**Record set**
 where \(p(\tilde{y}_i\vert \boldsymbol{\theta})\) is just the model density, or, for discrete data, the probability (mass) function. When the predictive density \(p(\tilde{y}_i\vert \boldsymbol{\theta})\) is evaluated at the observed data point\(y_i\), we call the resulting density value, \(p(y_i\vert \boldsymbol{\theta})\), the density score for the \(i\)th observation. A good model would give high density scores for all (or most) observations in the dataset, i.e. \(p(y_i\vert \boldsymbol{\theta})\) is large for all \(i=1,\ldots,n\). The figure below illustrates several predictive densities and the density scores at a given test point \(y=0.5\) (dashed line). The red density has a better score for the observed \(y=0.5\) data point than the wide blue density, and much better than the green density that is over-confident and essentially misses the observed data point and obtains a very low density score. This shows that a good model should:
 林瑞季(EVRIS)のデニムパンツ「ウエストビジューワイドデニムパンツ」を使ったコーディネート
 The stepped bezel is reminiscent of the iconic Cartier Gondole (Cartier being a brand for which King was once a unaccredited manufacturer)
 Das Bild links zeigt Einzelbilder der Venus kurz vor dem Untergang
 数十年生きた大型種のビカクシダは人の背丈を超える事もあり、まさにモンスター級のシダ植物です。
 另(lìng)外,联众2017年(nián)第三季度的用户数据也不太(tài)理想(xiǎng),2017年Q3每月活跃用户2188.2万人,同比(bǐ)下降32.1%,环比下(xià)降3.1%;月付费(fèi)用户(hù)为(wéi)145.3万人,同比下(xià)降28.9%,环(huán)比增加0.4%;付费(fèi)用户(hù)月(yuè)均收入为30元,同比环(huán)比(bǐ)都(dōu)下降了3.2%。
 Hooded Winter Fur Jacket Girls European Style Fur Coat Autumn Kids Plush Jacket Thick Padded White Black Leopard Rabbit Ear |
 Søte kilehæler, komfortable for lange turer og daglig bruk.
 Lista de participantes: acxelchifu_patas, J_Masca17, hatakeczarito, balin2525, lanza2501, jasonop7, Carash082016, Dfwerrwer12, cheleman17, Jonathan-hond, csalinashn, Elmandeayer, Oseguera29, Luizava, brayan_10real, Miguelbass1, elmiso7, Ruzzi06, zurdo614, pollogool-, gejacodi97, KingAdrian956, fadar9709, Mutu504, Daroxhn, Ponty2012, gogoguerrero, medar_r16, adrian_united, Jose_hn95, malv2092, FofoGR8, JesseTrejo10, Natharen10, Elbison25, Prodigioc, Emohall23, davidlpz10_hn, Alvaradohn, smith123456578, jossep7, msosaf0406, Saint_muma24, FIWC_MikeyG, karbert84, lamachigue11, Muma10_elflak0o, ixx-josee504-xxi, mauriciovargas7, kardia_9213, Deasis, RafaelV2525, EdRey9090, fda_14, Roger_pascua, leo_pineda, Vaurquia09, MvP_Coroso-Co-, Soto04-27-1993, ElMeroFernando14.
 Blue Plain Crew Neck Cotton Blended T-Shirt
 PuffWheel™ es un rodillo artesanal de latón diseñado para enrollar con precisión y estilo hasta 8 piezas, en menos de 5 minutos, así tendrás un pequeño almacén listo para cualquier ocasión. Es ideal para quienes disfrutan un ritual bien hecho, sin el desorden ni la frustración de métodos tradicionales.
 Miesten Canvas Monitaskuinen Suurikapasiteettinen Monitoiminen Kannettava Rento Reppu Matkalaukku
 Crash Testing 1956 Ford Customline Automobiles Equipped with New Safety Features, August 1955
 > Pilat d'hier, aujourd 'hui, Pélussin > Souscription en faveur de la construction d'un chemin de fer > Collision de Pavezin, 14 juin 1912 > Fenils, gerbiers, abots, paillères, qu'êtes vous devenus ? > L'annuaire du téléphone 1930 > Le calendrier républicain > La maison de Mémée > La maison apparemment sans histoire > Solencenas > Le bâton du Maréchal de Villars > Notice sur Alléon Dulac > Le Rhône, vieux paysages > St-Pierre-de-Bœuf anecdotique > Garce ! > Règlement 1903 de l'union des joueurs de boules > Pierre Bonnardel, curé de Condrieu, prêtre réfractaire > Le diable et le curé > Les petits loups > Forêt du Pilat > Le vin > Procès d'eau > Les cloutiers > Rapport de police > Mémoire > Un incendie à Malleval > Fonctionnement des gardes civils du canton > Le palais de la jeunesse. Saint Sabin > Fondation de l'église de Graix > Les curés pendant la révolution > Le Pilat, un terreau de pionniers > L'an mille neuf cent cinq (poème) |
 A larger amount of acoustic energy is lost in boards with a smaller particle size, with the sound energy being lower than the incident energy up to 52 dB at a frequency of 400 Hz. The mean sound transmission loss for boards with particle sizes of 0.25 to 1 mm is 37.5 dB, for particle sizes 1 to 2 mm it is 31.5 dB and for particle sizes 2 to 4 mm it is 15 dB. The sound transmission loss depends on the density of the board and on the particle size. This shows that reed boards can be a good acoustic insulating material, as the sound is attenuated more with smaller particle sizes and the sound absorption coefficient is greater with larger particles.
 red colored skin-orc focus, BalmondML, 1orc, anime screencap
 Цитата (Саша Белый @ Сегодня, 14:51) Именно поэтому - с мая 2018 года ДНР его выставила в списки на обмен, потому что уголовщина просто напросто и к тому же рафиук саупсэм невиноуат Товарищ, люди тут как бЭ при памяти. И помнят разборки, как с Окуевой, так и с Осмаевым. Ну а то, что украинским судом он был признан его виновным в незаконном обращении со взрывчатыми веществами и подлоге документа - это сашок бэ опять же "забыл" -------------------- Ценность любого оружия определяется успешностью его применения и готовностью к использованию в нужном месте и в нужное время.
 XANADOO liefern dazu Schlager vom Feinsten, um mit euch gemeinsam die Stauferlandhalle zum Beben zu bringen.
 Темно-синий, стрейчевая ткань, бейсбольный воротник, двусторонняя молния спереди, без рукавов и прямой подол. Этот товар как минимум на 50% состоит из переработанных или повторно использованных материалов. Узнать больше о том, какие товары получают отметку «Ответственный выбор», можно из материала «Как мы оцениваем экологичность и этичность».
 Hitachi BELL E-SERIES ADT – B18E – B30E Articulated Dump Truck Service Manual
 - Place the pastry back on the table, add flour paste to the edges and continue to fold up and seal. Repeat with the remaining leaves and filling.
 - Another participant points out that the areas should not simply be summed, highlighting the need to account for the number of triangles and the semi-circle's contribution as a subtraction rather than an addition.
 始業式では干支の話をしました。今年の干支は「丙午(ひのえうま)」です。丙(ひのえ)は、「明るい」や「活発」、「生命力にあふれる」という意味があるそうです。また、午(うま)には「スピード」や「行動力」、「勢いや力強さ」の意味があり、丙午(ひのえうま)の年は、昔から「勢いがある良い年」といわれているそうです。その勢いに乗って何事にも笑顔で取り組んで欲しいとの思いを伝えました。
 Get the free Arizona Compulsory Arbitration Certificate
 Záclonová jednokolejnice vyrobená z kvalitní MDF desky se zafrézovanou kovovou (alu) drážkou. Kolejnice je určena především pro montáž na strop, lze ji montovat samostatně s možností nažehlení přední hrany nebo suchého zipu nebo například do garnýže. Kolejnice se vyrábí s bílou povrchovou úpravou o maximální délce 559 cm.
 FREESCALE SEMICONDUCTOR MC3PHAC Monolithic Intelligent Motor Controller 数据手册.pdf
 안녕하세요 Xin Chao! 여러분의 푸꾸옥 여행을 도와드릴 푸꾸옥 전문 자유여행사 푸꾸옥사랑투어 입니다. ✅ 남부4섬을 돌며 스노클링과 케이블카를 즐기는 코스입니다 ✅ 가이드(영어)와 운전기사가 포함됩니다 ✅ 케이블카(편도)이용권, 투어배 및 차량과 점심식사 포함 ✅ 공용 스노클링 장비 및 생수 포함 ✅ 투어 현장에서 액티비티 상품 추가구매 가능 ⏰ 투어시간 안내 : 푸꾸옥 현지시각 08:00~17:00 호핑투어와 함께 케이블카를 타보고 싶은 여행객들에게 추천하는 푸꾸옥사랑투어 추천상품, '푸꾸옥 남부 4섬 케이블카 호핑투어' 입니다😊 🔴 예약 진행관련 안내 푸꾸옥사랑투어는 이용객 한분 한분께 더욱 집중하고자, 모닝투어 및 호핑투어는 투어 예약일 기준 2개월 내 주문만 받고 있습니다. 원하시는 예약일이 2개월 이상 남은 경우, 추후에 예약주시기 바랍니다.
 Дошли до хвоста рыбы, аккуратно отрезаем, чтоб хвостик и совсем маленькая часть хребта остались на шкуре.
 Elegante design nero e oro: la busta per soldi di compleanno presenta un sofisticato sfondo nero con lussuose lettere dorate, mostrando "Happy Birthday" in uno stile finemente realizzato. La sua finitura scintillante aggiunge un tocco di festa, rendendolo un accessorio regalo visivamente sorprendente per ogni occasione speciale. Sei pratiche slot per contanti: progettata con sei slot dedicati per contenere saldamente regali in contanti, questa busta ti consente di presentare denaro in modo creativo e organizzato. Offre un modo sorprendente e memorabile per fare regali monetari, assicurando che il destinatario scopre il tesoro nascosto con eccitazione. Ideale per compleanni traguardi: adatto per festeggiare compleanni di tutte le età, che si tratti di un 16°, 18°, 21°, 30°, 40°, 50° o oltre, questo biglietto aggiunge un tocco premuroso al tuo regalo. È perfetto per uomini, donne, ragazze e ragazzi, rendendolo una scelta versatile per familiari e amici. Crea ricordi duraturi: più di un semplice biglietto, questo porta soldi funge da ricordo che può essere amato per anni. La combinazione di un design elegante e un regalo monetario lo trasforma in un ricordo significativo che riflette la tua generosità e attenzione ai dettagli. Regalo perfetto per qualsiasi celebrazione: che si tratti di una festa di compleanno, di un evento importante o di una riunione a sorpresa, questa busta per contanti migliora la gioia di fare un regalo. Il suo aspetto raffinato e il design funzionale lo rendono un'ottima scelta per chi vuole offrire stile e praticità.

**What needs to be done**
Working from the material above, restate word for word the lines between the line with "Blue Plain Crew Neck Cotton Blended T-Shirt" and the line with "Crash Testing 1956", both included, and only those.

**Exercise answer**
 Blue Plain Crew Neck Cotton Blended T-Shirt
 PuffWheel™ es un rodillo artesanal de latón diseñado para enrollar con precisión y estilo hasta 8 piezas, en menos de 5 minutos, así tendrás un pequeño almacén listo para cualquier ocasión. Es ideal para quienes disfrutan un ritual bien hecho, sin el desorden ni la frustración de métodos tradicionales.
 Miesten Canvas Monitaskuinen Suurikapasiteettinen Monitoiminen Kannettava Rento Reppu Matkalaukku
 Crash Testing 1956 Ford Customline Automobiles Equipped with New Safety Features, August 1955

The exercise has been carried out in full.